The Euro could not sustain another bout of strength past the 1.1000 mark against the US Dollar on Wednesday, prompting EUR/USD to recede to the 1.0990 region in the wake of the opening bell in Europe.
On the flip side, the Greenback remains under pressure and trades without a clear direction around 102.70, managing to bounce off earlier lows in the 102.50-102.45 band when measured by the USD Index (DXY).
The current monetary policy landscape remains unchanged, with investors incorporating the possibility of future interest rate cuts by both the Federal Reserve (Fed) and the European Central Bank (ECB) in the spring of 2024.

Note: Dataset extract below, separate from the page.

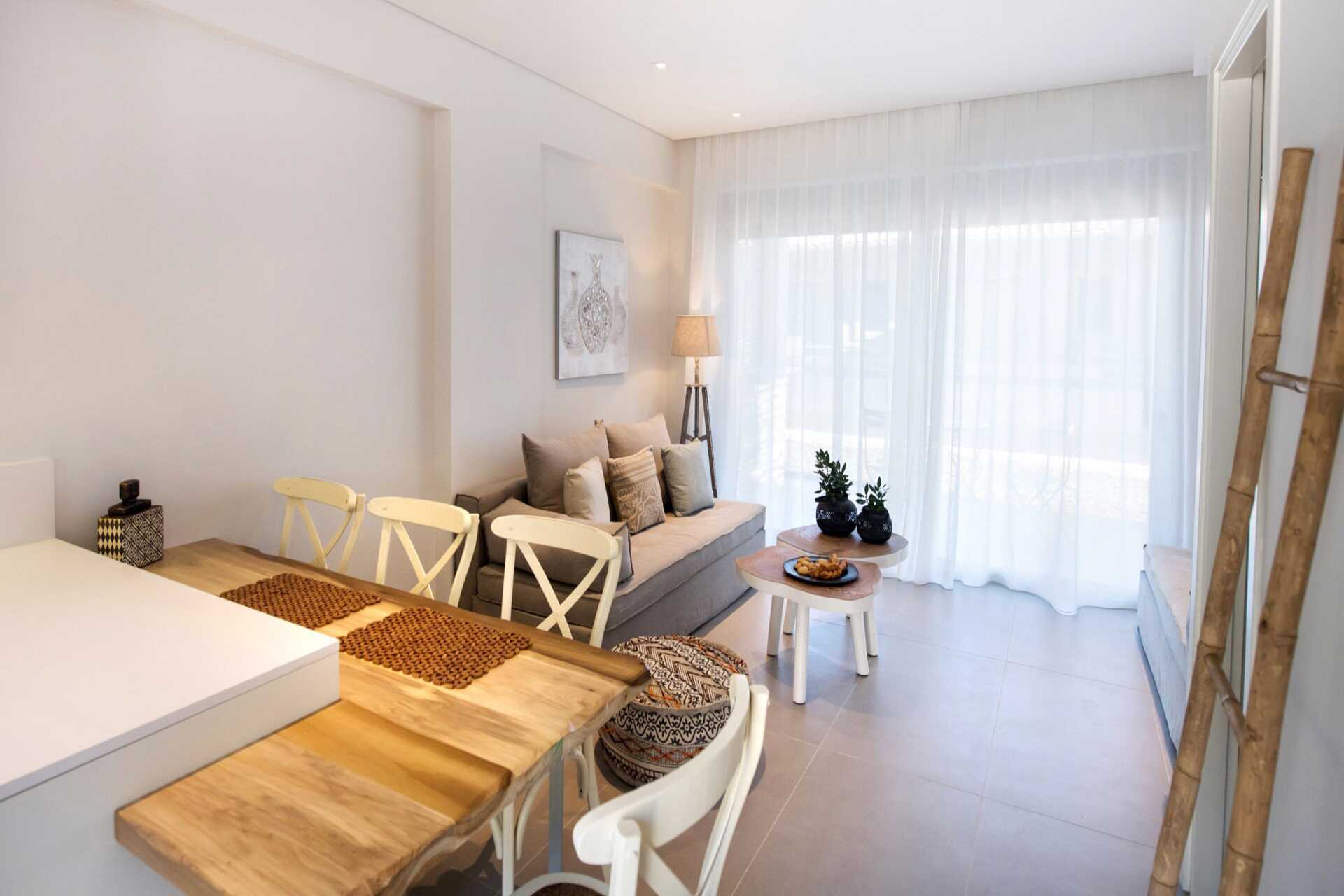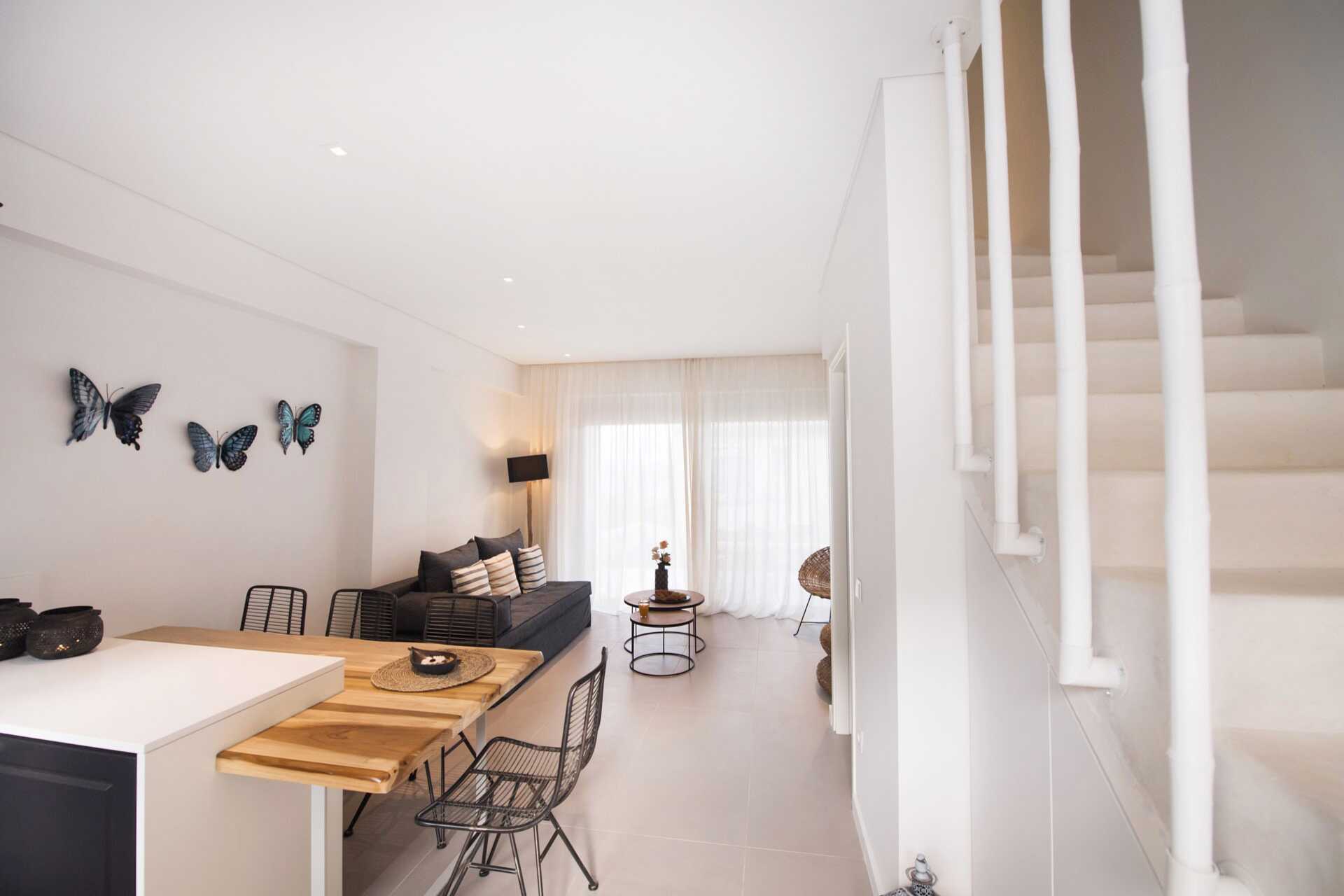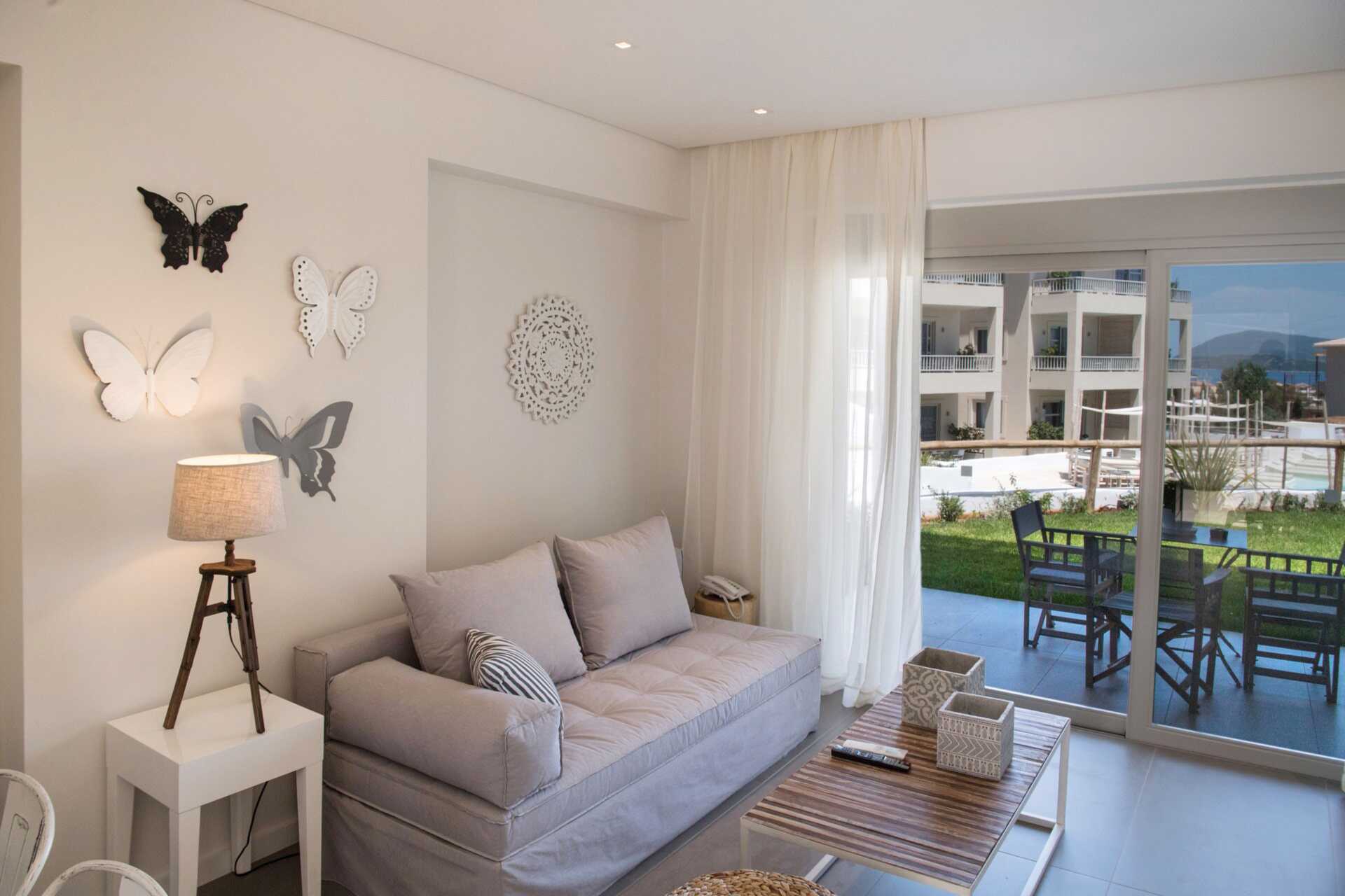Sviitti pohjaterassilla ja näköalalla uima-altaalle. Sisääntulokerroksessa on olohuone ruokailutilalla (joskus baaritiskillä) ja sohva, wc ja terassi. Yläkerrassa on kaksi makuuhuonetta, joista toisessa on parveke. Toisessa makuuhuoneessa parivuode ja toisessa makuuhuoneessa kaksi erillistä sänkyä sekä kylpyhuone suihkulla ja wc:llä. Maksuton wifi, ilmastointi ja tallelokero. Minibaari. Vedenkeitin, kahvia ja teetä. Tv kansainvälisillä kanavilla. Hiustenkuivain. Siivous 7 krt/viikko.

On the euro docket, the focus of attention will be on the release of the flash Inflation Rate in Germany for the month of November.
Across the pond, the advanced Q3 GDP Growth Rate will take centre stage along with preliminary Goods Trade Balance figures and the usual Mortgage Applications tracked by MBA, while the release of the Fed’s Beige Book will close the calendar later in the NA session.
In addition, Cleveland Fed Loretta Mester (2024 voter, hawk) is also due to speak.
Further upside momentum lifts EUR/USD to new monthly highs near 1.1020 on Wednesday.
The November high of 1.1017 (November 29) is now the EUR/USD’s immediate target, followed by the August top of 1.1064 (August 10) and another weekly peak of 1.1149 (July 27), all of which precede the 2023 high of 1.1275. (July 18).
Meanwhile, any corrective declines should find first support around the crucial 200-day SMA at 1.0814, followed by the temporary 55-day SMA at 1.0671. The weekly low of 1.0495 (October 13) follows next, seconded by the 2023 low of 1.0448 (October 3).
Meanwhile, the bullish outlook for the pair remains unchanged as long as it trades above the 200-day SMA.
The Euro is the currency for the 20 European Union countries that belong to the Eurozone. It is the second most heavily traded currency in the world behind the US Dollar. In 2022, it accounted for 31% of all foreign exchange transactions, with an average daily turnover of over $2.2 trillion a day.
EUR/USD is the most heavily traded currency pair in the world, accounting for an estimated 30% off all transactions, followed by EUR/JPY (4%), EUR/GBP (3%) and EUR/AUD (2%).
The European Central Bank (ECB) in Frankfurt, Germany, is the reserve bank for the Eurozone. The ECB sets interest rates and manages monetary policy.
The ECB’s primary mandate is to maintain price stability, which means either controlling inflation or stimulating growth. Its primary tool is the raising or lowering of interest rates. Relatively high interest rates – or the expectation of higher rates – will usually benefit the Euro and vice versa.
The ECB Governing Council makes monetary policy decisions at meetings held eight times a year. Decisions are made by heads of the Eurozone national banks and six permanent members, including the President of the ECB, Christine Lagarde.
Eurozone inflation data, measured by the Harmonized Index of Consumer Prices (HICP), is an important econometric for the Euro. If inflation rises more than expected, especially if above the ECB’s 2% target, it obliges the ECB to raise interest rates to bring it back under control.
Relatively high interest rates compared to its counterparts will usually benefit the Euro, as it makes the region more attractive as a place for global investors to park their money.
Data releases gauge the health of the economy and can impact on the Euro. Indicators such as GDP, Manufacturing and Services PMIs, employment, and consumer sentiment surveys can all influence the direction of the single currency.
A strong economy is good for the Euro. Not only does it attract more foreign investment but it may encourage the ECB to put up interest rates, which will directly strengthen the Euro. Otherwise, if economic data is weak, the Euro is likely to fall.
Economic data for the four largest economies in the euro area (Germany, France, Italy and Spain) are especially significant, as they account for 75% of the Eurozone’s economy.
Another significant data release for the Euro is the Trade Balance. This indicator measures the difference between what a country earns from its exports and what it spends on imports over a given period.
If a country produces highly sought after exports then its currency will gain in value purely from the extra demand created from foreign buyers seeking to purchase these goods. Therefore, a positive net Trade Balance strengthens a currency and vice versa for a negative balance.